**** Data for review
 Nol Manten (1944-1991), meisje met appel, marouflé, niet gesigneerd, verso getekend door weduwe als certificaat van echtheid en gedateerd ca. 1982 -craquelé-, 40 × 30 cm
********
**** Data for review
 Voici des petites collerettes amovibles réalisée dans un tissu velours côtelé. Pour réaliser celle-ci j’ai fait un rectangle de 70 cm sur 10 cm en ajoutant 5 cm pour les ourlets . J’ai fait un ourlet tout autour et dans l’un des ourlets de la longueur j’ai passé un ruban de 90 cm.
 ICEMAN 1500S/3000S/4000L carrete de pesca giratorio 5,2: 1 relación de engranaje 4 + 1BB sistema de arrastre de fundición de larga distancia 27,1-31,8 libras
********
*Task to complete*. Only the lines above starting at the one containing "Voici des petites" and ending at the one containing "ICEMAN 1500S/3000S/4000L carrete", both included, are to be returned, exactly as they read.

*Final answer*.
 Voici des petites collerettes amovibles réalisée dans un tissu velours côtelé. Pour réaliser celle-ci j’ai fait un rectangle de 70 cm sur 10 cm en ajoutant 5 cm pour les ourlets . J’ai fait un ourlet tout autour et dans l’un des ourlets de la longueur j’ai passé un ruban de 90 cm.
 ICEMAN 1500S/3000S/4000L carrete de pesca giratorio 5,2: 1 relación de engranaje 4 + 1BB sistema de arrastre de fundición de larga distancia 27,1-31,8 libras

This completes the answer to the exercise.